**Supplied material**
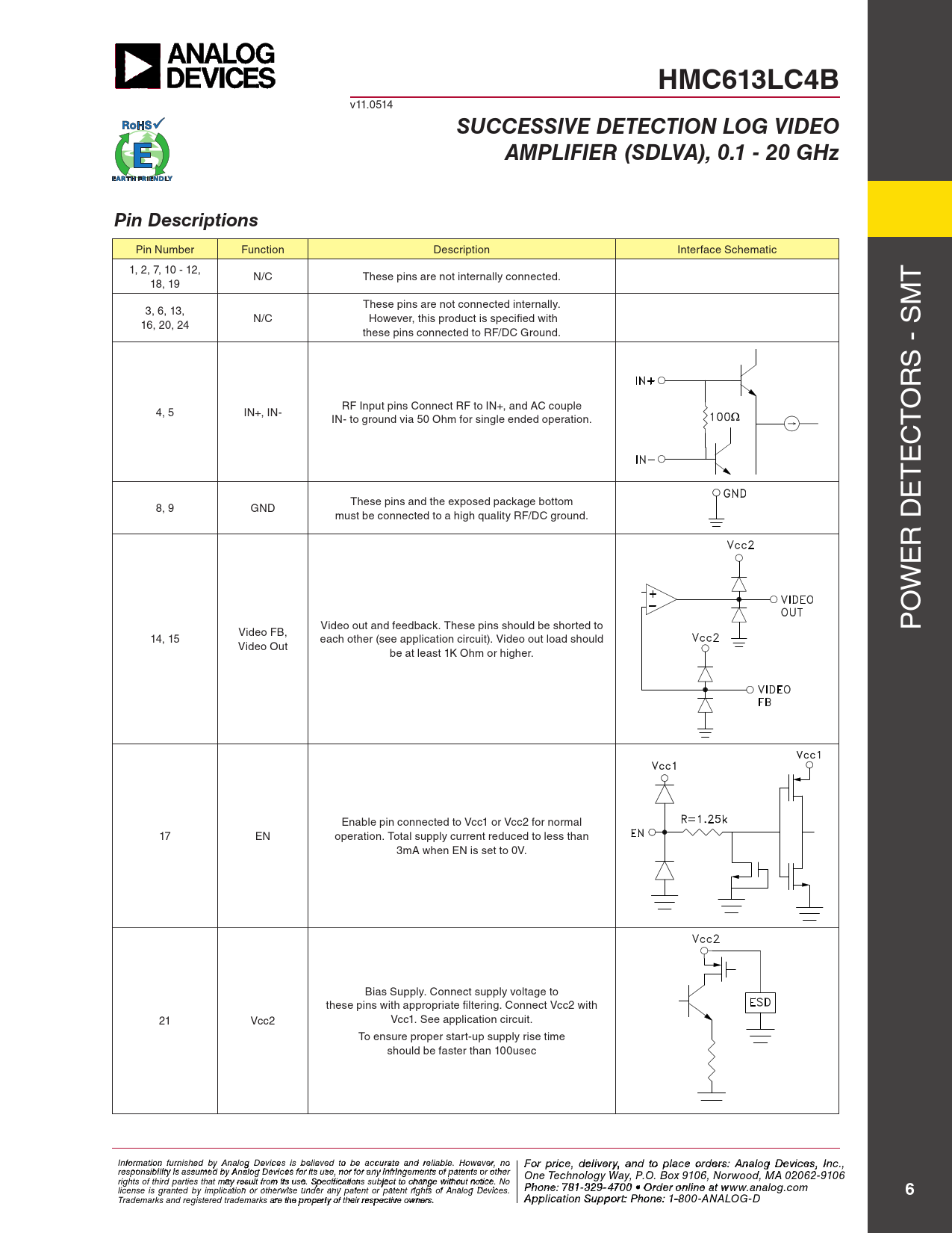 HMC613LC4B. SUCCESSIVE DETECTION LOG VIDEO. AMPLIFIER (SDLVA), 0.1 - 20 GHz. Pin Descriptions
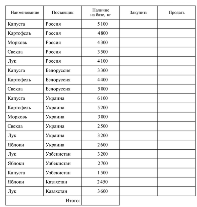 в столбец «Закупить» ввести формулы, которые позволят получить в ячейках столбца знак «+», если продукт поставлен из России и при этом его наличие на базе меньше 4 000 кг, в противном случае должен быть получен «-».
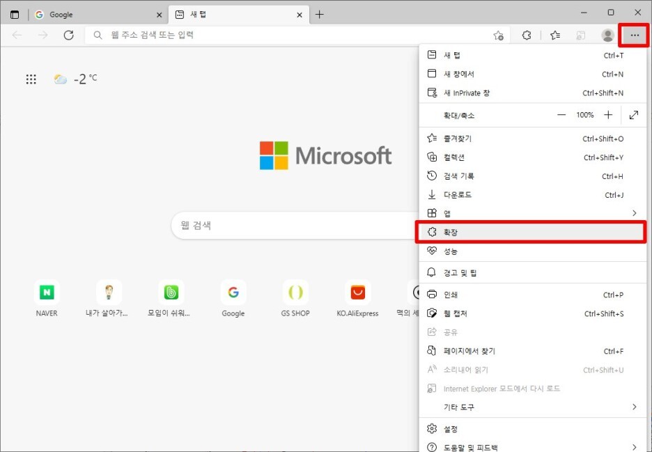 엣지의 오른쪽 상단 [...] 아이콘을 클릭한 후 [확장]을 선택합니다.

**What is required**
Everything in the listing above must be retyped exactly, except for the pictures.

**Answer to this exercise**
 HMC613LC4B. SUCCESSIVE DETECTION LOG VIDEO. AMPLIFIER (SDLVA), 0.1 - 20 GHz. Pin Descriptions
 в столбец «Закупить» ввести формулы, которые позволят получить в ячейках столбца знак «+», если продукт поставлен из России и при этом его наличие на базе меньше 4 000 кг, в противном случае должен быть получен «-».
 엣지의 오른쪽 상단 [...] 아이콘을 클릭한 후 [확장]을 선택합니다.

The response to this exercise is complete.